KUPETIK SETANGKAI BINTANG 14
(Tien Kumalasari)
Sutar membalikkan tubuhnya, keluar dari kamar, kembali masuk ke kamar mandi. Minar heran melihat tingkah sang ayah.
“Minaaar!”
Minar mendekat, berdiri di luar kamar mandi.
“Tolong ambilkan baju ganti yang sudah aku siapkan dikursi dekat cermin,” titahnya.
Minar segera bergegas masuk ke kamar ayahnya, lalu melihat ibunya memegangi baju yang tampaknya baru dibelinya, ditempelkan ke tubuhnya.
“Ibu mau mandi?” tanya Minar.
“Tidak, aku mau mencoba baju yang aku beli, tiba-tiba ayahmu masuk begitu saja, kaget aku, soalnya dia berteriak sambil memelototi aku. Bukankah ini juga masih kamarku?”
“Iya Bu, mungkin bapak tidak mengira ibu sudah pulang. Sekarang saya mau mengambil baju ganti bapak,” kata Minar sambil meraih tumpukan baju sang ayah seperti yang tadi dipesannya.
Minar keluar dari kamar sambil tersenyum. Ayahnya benar-benar tidak ingin berada dalam satu kamar dengan istrinya.
Kemudian Minar mengulurkan tumpukan baju ayahnya melalui celah pintu kamar mandi yang dibuka sedikit oleh Sutar.
Kesal sekali ketika tiba-tiba melihat istrinya melepas baju tanpa merasa malu. Lalu Sutar bertanya kepada dirinya sendiri. Mengapa tadi dia harus lari? Bukankah Birah masih istrinya dan tak ada yang melarang seandainya berada dalam satu kamar sambil berganti baju. Tapi Sutar membayangkan ketika pernah melihat sang istri bergandengan dengan laki-laki lain sambil tertawa-tawa bahagia. Bahkan pernah tidak pulang. Bayangan menjijikkan melintas, membuatnya benar-benar merasa jijik.
Itu juga sebabnya yang membuatnya merasa jijik ketika melihat tubuh istrinya. Kalau saja Kirani menceritakan pertemuannya dengan Subirah di sebuah toko roti, pasti Sutar akan lebih merasa muak terhadap sang istri. Tapi Kirani memang tidak mengatakannya, atau belum mengatakannya, karena merasa sungkan.
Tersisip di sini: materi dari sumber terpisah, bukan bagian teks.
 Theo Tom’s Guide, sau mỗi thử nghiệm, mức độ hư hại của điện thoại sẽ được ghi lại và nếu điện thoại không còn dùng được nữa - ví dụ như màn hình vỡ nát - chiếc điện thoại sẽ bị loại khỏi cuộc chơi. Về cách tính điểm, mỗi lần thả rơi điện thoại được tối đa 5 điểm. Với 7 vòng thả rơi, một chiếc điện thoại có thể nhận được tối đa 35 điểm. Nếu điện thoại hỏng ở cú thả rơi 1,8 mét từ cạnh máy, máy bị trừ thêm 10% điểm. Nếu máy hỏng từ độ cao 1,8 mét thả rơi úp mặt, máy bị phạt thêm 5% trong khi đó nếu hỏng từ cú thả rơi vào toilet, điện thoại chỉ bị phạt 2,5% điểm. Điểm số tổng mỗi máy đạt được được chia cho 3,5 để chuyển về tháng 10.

Birah rupanya juga tak terusik dengan masuknya Sutar ke dalam kamar. Ia melanjutkan kegiatannya mencoba satu per satu baju yang tadi dibelinya. Ia tersenyum melihat dirinya masih tampak cantik dengan baju-baju yang lebih pantas. Kamar itu sekarang penuh dengan baju-baju yang dibelinya hampir sebulan ini, dimasukkannya ke dalam almari, setelah ia membuang baju-baju lamanya yang dianggapnya sudah usang.
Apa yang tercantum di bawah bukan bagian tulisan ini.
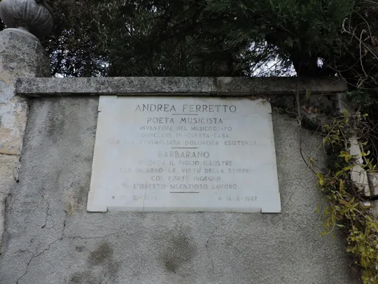 Iniziata la salita si passa presso la casa di Andrea Ferretto, poeta musicista e inventore del musicografo.

Setelah puas mencoba baju-bajunya, ia menatanya ke dalam almari, yang kemudian tampak berjubel karena penuh sesak.
“Besok aku akan membeli kopor yang besar, lalu aku masukkan baju-baju itu ke dalamnya, sehingga mudah untuk membawanya pergi, tidak usah repot-repot menatanya kembali."
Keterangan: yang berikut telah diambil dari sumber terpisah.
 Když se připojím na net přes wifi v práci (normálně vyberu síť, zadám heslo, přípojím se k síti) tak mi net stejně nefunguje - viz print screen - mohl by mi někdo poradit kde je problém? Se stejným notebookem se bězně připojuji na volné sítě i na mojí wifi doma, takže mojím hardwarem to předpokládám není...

Ketika ia keluar, ia berpapasan dengan suaminya lagi, ketika ia mau minum di ruang tengah. Tapi Birah bersikap seakan tak terjadi apa-apa diantara mereka. Ia bahkan mengingatkan kepada Sutar bahwa besok adalah sidang pertama perceraiannya.
“Besok apa kita akan pergi bersama?” tanya Birah.
“Tidak. Aku tidak akan hadir, agar prosesnya tidak usah bertele-tele. Aku terima gugatan cerai itu, aku memberikan kamu talak tiga,” kata Sutar tandas.
Birah agak terkejut mendengar suara Sutar yang agak keras. Dengan ucapan itu ia sekarang benar-benar sudah bercerai, hanya menunggu sah-nya secara hukum.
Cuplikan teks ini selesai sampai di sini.